- Genre: Food festival
- Frequency: Annual
- Locations: Grand Falls-Windsor, Newfoundland and Labrador, Canada
- Years active: 1985 - 2016
- Website: http://www.evsalmonfestival.com/

= Exploits Valley Salmon Festival =

Annual Canadian event

The Exploits Valley Salmon Festival is an annual festival held in Grand Falls-Windsor of the Exploits Valley, Newfoundland and Labrador, Canada that dates back to 1985. Events that are part of the festival include a dance in a stadium and a dinner of salmon. There is also a concert, although the concert in 2007 was so poorly attended that the organizers lost $200,000 on it. The organizers continued to lose money on the festival in 2008, 2009, and 2010. Businessman Boyd Cohen was the patron of the 2009 festival. The main festival concert in 2010 featured Matthew Hornell and the Diamond Minds. There was also a gospel concert that was attended by hundreds of people. Kellie Loder, Starfield, and Reverend Roy Martin performed at this concert. In 2012, The Daily Telegraph named the festival one of the top ten attractions for British foodies vacationing in Canada. In 2011, The town signed a deal with concert promoters RFO. As a result, the festival experienced a resurgence attracting larger crowds, The shows were headlined by popular groups such as Kiss, Smash Mouth and Down with Webster in 2011, Aerosmith & Flo Rida in 2012, Eagles and The Tragically Hip in 2013, Maroon 5 in 2014 and John Fogerty, Tom Cochrane, America and The Fables (making their first public performance in 12 years) in 2015.

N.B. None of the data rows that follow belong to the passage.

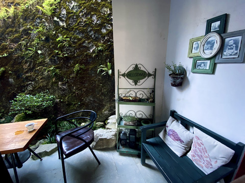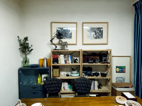 民宿就在村中路旁,门头简洁也不大,开门进去却是艺术气息扑面而至,整体呈现清新简约的美式田园风,随处可见绿植点缀,浅色系的木质家具以及绘有花鸟鱼虫的装饰画让这里淡雅温馨。店主吴先生见我们是嘉兴人,连说好巧,他曾在嘉兴创业生活多年,后来才回乡经营这个民宿,妻子也是嘉兴人,至今哥哥还在嘉兴从事摄影工作,真是缘分呐!问起民宿的装饰,他说父亲是摄影师,影响了一家人从事艺术工作,民宿的照片、绘画和老相机等藏品均出自家人之手,真是不错。
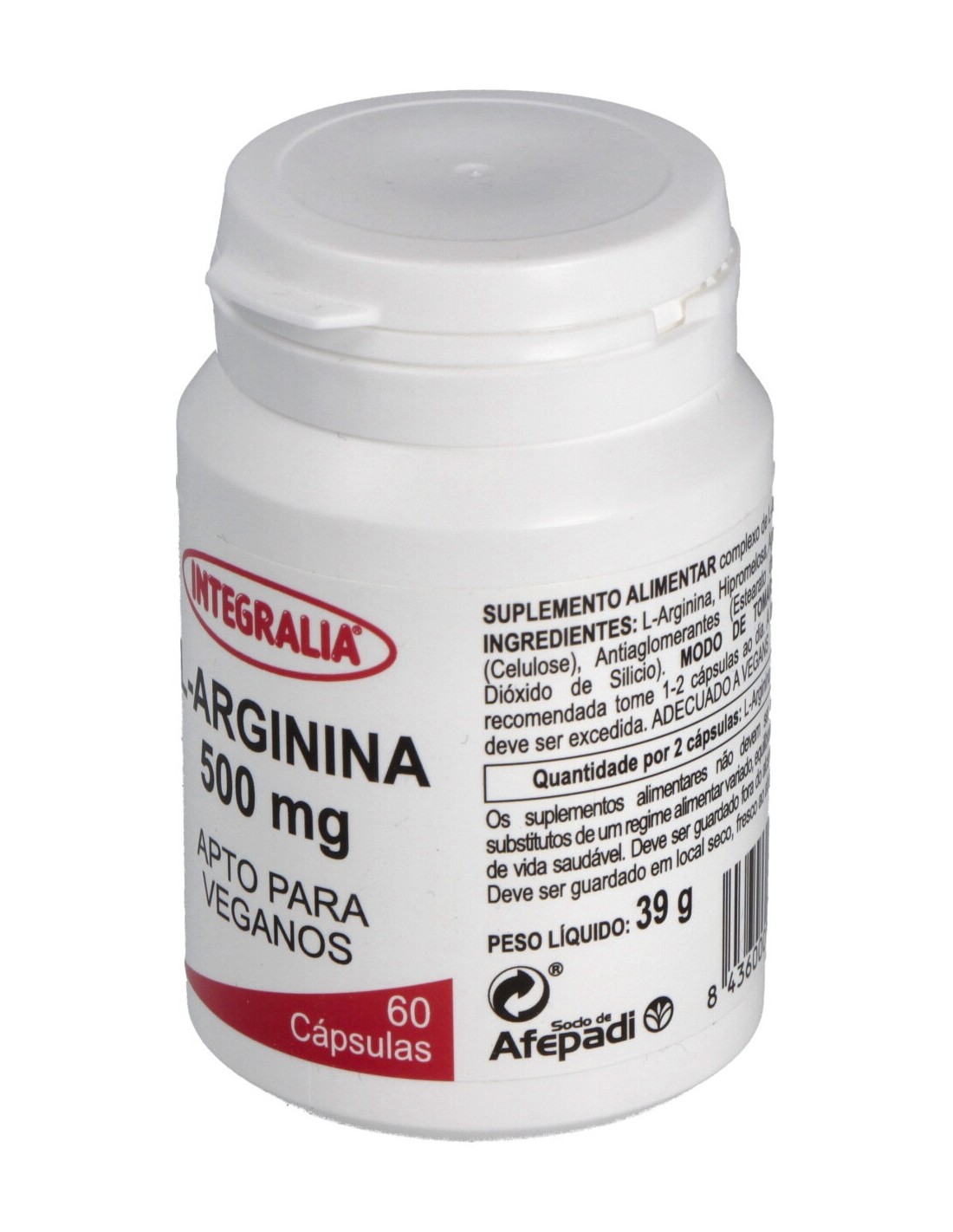 Este complemento alimenticio ha sido realizado por Integralia a base de L-Arginina, por lo que es especialmente apto para veganos. Viene presentado en un envase de 60 cápsulas, en los que cada una de ellas es de 500mg. La L-Arginina es un aminoácido perfecto que ayuda a impulsar la prosperidad del aparato circulatorio. Esto favorece el control de los niveles del colesterol y ayuda a mantener un buen flujo sanguíneo. No se recomienda su uso en los niños más pequeños ni en mujeres que se encuentran en el período del embarazo o lactancia. Al consumir estos aminoácidos para complementar la alimentación, es necesario seguir una dieta equilibrada y variada. Además, es apropiado tener un estilo de vida saludable para que el producto pueda hacer efecto en el organismo. Se recomienda también consultar su uso con un médico especialista.
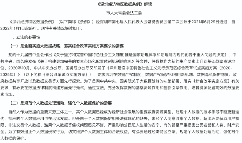 《深圳经济特区数据条例》解读部分内容 / 深圳市人大常委会法工委
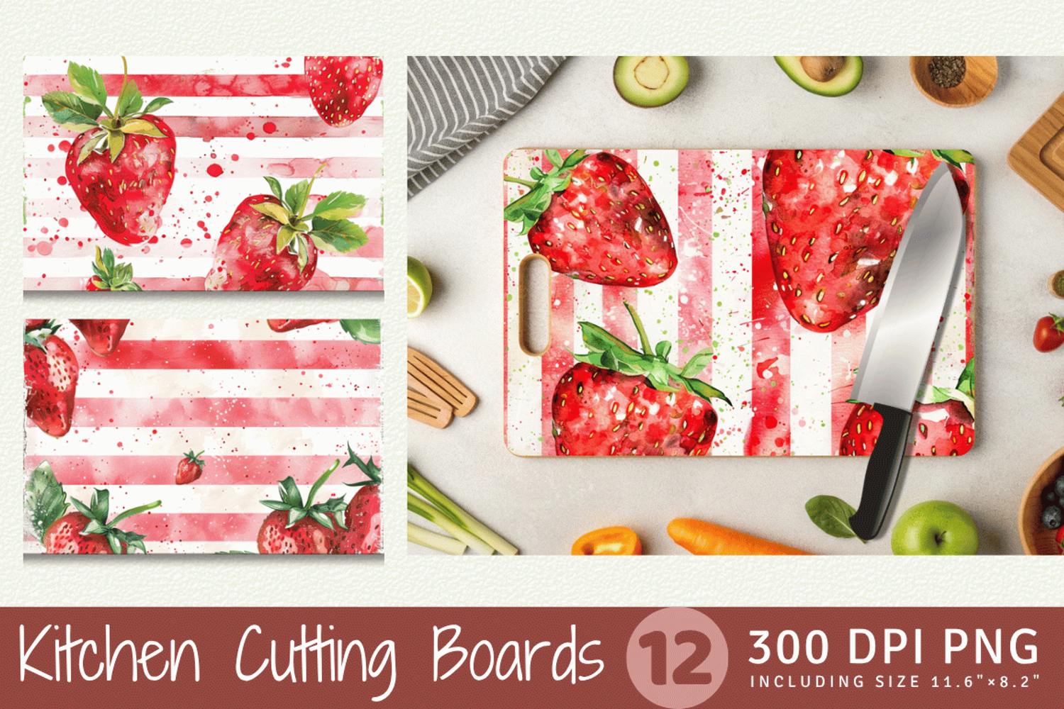 Watercolor Strawberries & Stripes Cutting Boards sublimation Designs
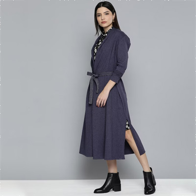 Women Navy Blue Longline Solid Full Length Cover Up Tie-Up Shrug

The 2013 concert headlined by Eagles was panned by critics for the poor planning. The temperature rose to approximately 30 degrees Celsius, and many concert goers complained in regards to lack of available water as patrons were not permitted to bring their own, and concession stands reportedly ran out of water twice. According to reports, more than 100 people were treated for dehydration. VIP ticket holders complained too many tickets were sold for the private section on the field, and made the concert unenjoyable. Such complainants had told media outlets they were considering a class action lawsuit, but it never materialized.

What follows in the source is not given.